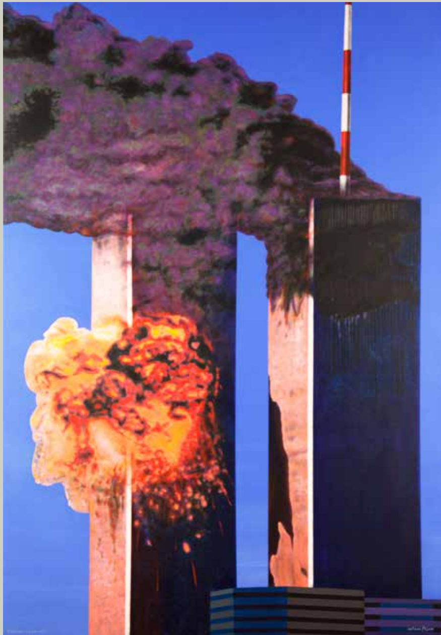
FLAMES I FUM 2012/ Manhattan (Acrilic s/ llenç, 162x114)
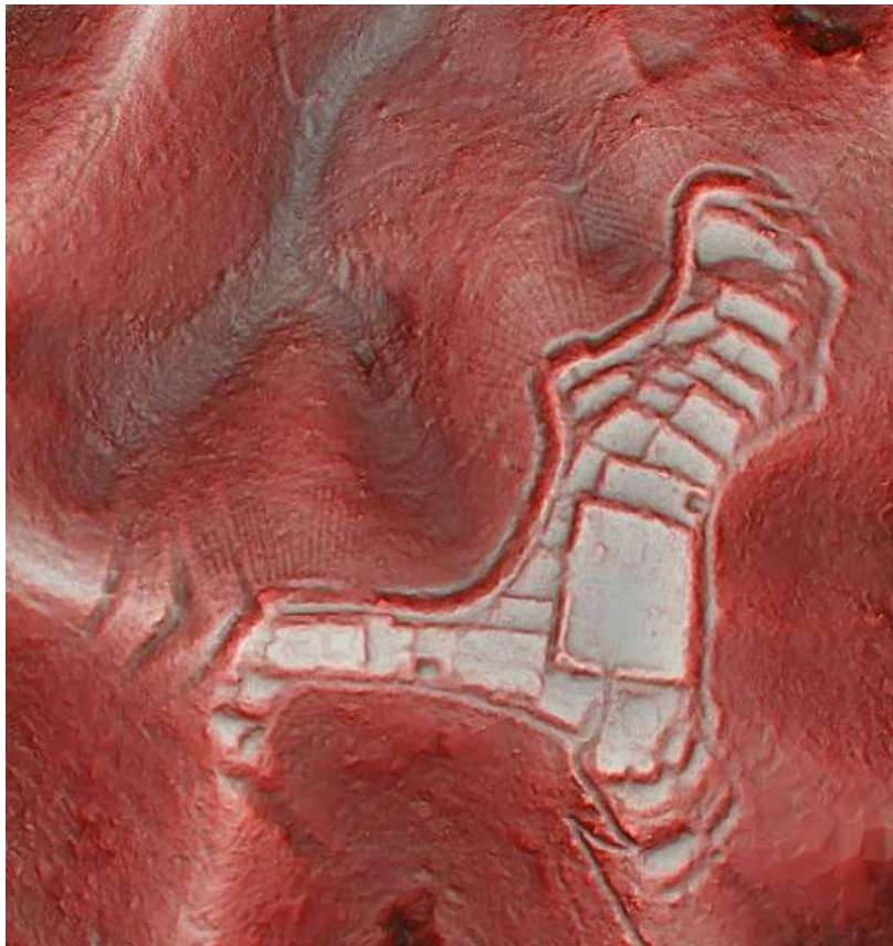
写真一二 篠ノ丸城址赤色立体図
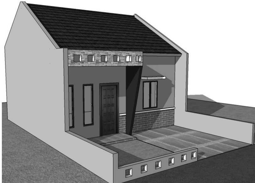
Gambar 6.8 Tampilan perspektif kanan rumah
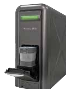
Insérer la cartouche

:: Your assignment ::
Exclude all images and retype the data precisely.

:: Result of this exercise ::
FLAMES I FUM 2012/ Manhattan (Acrilic s/ llenç, 162x114)
写真一二 篠ノ丸城址赤色立体図
Gambar 6.8 Tampilan perspektif kanan rumah
Insérer la cartouche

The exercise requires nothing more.